Skip the hotel. A two-bedroom serviced apartment in Reykjavik—same block as the bars, same view of the harbor—runs less per head than a double room, and you get a full kitchen. That kitchen matters; groceries here cost what they cost. Cook breakfast, pack sandwiches, and the city’s €30 burgers stop being your problem. You’ll also score a living room, two real bedrooms, and enough square meters that four adults don’t trip over luggage. Same cash, triple the space.

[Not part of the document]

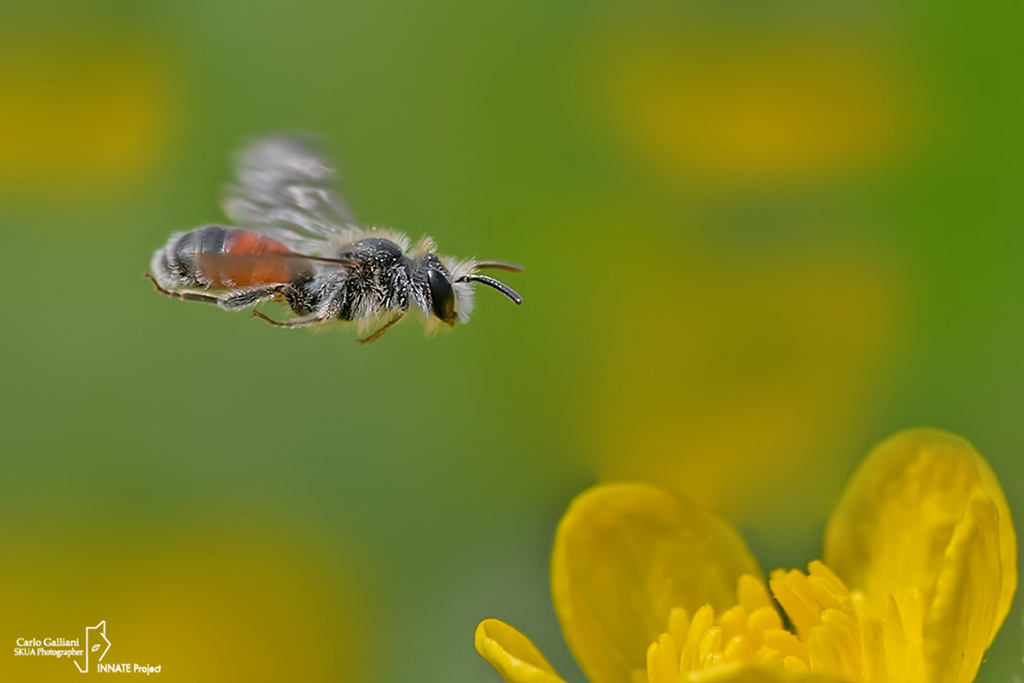 posso confermare che quelle posate avevano del polline sulle zampe mentre quelle in volo erano probabilmente maschi a cerca di femmine perchè arrivavano sempre sui fiori dove c'era un individuo posato e stazionavano per qualche frazione di secondo

Keflavík International Airport sits 50 kilometres from downtown Reykjavik. That's a real distance—plan for it. The Flybus and Reykjavik Excursions coaches run reliably for $25–35 per person each way. Taxis and rideshares run $90–120 each way. Late arrivals, take note. Multiple airport runs add up fast. Travelers arriving on late flights or making multiple airport runs should consider whether a hotel near the Reykjavik international airport in Keflavík town eliminates a meaningful transfer cost. Sometimes the math works. Sometimes it doesn't.
When to Book
Timing matters for both price and availability across Reykjavik
June–August: reserve 2–3 months ahead for downtown hotels, 3–4 months for smaller boutique properties. December–February: book 3–4 months ahead—Northern Lights demand has built a second peak that blindsides most travelers.
May and September give you the best deal—long daylight, every site open, and you'll pay 20–35% less than July's peak. October throws in golden autumn light plus early Northern Lights shots; book two weeks ahead and you're fine, unless it's a main weekend break.
March and April—soft prices, winter's last gasp before summer rates kick in. Some smaller guesthouses shut in February and early March. Every major hotel and attraction stays open.
Summer in Iceland? Lock your room the minute your flight is ticketed—inventory vanishes after New Year. Aurora season (November-March) demands the same sprint. May, September, October: pick up the phone. A five-minute call can shave 10–15% off the rack rate when hotels still have empty beds.